The Prym-canonical Clifford index
Margherita Lelli-Chiesa, Martina Miseri
TL;DR
This work introduces and studies the Prym-canonical Clifford index $\mathrm{Cliff}_{\eta}(C)$ and its dimension for Prym curves $(C,\eta)$, establishing their basic nonnegativity, sharp upper bound $\left\lfloor\frac{g-1}{2}\right\rfloor$, and a Prym-Clifford-type classification. It proves a relation between $\mathrm{Cliff}_{\eta}$ and the classical Clifford index, and analyzes the $\iota$-invariant Clifford index of the étale double cover $\tilde{C}$, linking Prym data to the gonality of $C$. The paper then classifies Prym curves with low Prym-canonical Clifford index (0,1,2), including a complete account for bielliptic and hyperelliptic cases, and derives precise results for the Prym-canonical dimension in these regimes. For hyperelliptic Prym curves, a Verra-type description of $2$-torsion shows $\mathrm{Cliff}_{\eta}(C)=k-1$ with dimension $(0,0)$, while in general the Prym-canonical Clifford index attains its maximum on a general Prym curve, reflecting a strong link between Prym geometry and syzygies of Prym-canonical models. The findings illuminate how Prym data governs both linear series and the embedding properties of Prym-canonical curves, with implications for understanding Prym-related moduli and syzygetic behavior.
Abstract
We introduce two new invariants of Prym curves, the Prym-canonical Clifford index and the Prym-canonical Clifford dimension.

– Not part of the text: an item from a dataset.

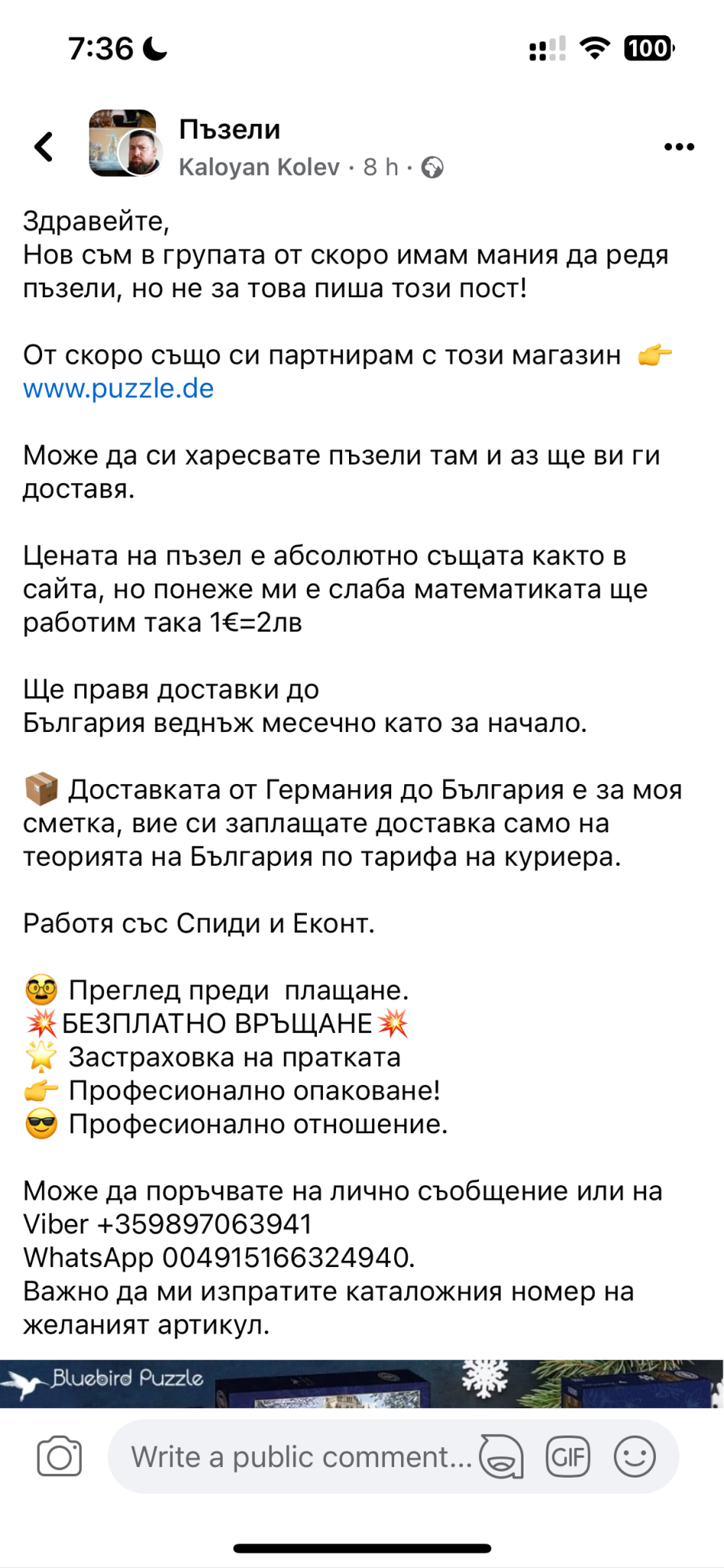 А за доставката, не е ли възможно този човек да получава голям процент комисионна ако поръчва 100 пъзела на куп да речем и да има редовен транспорт на други неща и покрай тях пъзелите. Предлага преглед и безплатно връщане.

The former is a nonnegative integer (according to Prym-Clifford's theorem), while the latter is a pair of nonnegative ordered integers. We classify Prym curves with Prym-canonical Clifford index equal to 0,1,2. By specialization to hyperelliptic curves, we compute the Prym-canonical Clifford index of a general Prym curve and show that its Prym-canonical Clifford dimension is (0,0).